Right. Because right now the question everyone has is: What is enough? What is the point that companies should get to, to feel like they are moving in the right direction when it comes to diversity? So we’re able to set those parameters, and to kind of lead with the marketing cachet we have, to encourage those organizations to follow through with it.
I need to ask you a version of the question that is on every theatremaker’s mind: What’s it like to take over a theatre organization when there’s no theatre?
It’s a great question. What I’m excited to look at and do is to create a kind of platform for both audiences and organizations to utilize until we can actually produce theatre in person again.
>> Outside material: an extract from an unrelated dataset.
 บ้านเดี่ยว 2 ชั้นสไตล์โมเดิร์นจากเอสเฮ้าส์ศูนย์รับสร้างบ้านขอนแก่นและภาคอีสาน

There’s already a Theatre Philadelphia YouTube channel that organizations can send in either new recorded content or content that they’ve recorded before. That’s one place where we can help, because many theatres who weren’t doing robust digital content are doing it now. Any way we can help them within our marketing offerings to promote their digital content will be good. This is new for everyone; even people who were doing online series like that, it wasn’t all they were doing.
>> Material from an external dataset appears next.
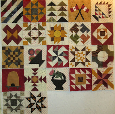 Here are the first 20 blocks on the design wall. I'm still missing the flag block from week #16.

Yeah, there’s been a lot of conversation about how much effort and money to put into digital—whether it’s a revenue stream or a creative outlet, or just a way to stay connected with audiences and remind them you’re there. There’s also the question of whether, even after COVID, these media are going to be a bigger part of theatre. I don’t know if you have thoughts about which direction it’s going to take.
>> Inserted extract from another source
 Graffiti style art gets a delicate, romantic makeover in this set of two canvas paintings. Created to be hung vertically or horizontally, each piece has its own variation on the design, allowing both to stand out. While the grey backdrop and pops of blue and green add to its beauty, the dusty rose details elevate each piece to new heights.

Philly theatre leaders have been having weekly meetings since COVID happened. And this was a big question: How much time, effort, and money do we put into the digital content? Especially when it first happened, and we thought it’d be two weeks, and then it was a month, and now here we are months later. I think it’s worth the investment at this point, because it’s going to be a long cycle of time before we are legally allowed to come back together, both in terms of city and state ordinances and also being signed off by the unions. And the last thing we’re going to have to contend with for even longer is audiences’ comfort and willingness to go into a theatre. So looking at all of those touch points, we’re looking at a while till we can get back into in-person theatre. So I definitely feel like digital is worth it; coming from a marketing background too, it’s worth the effort to still be producing.
Finally, I want to ask about funding for the arts, whether it’s public support or even private support. Does Theatre Philadelphia have an advocacy wing, both for local and national support?
I do know that the focus of the advocacy work over the past few months was more directly connected to city funding. We just got over a big campaign that Theatre Philadelphia was a part of organizing, because the mayor’s original proposal was to cut the Philadelphia Cultural Fund, which is very important, especially to small organizations. We were able to save a bit of that budget.
I know it’s not a normal time right now, but in normal times do you feel like Philly is a really arts-positive city?
Yes and no. The foundation community in Philadelphia is definitely not as robust as in other cities, and when it comes to access to it, it’s very difficult, because there are a small set of funders, and it’s hard for organizations of color to break into that foundation giving. Theatre in the X has been fortunate, because our model is so different. We produce outdoors for our main programming, and we’re very community centered, and I think that has helped us. Also just me being an arts administrator for what seems like forever—I have that skill. I’m able to bring that to Theatre in the X,
And presumably to Theatre Philadelphia. Bottom line, would you say Philly is a place where folks are proud of their local theatres?
Absolutely. Philly has some good theatre, top to bottom, from small self-producers, from solo shows all the way to the big theatres. There is just such wonderful work being produced in Philly. Anyone who does not count Philly as a theatre town is wrong.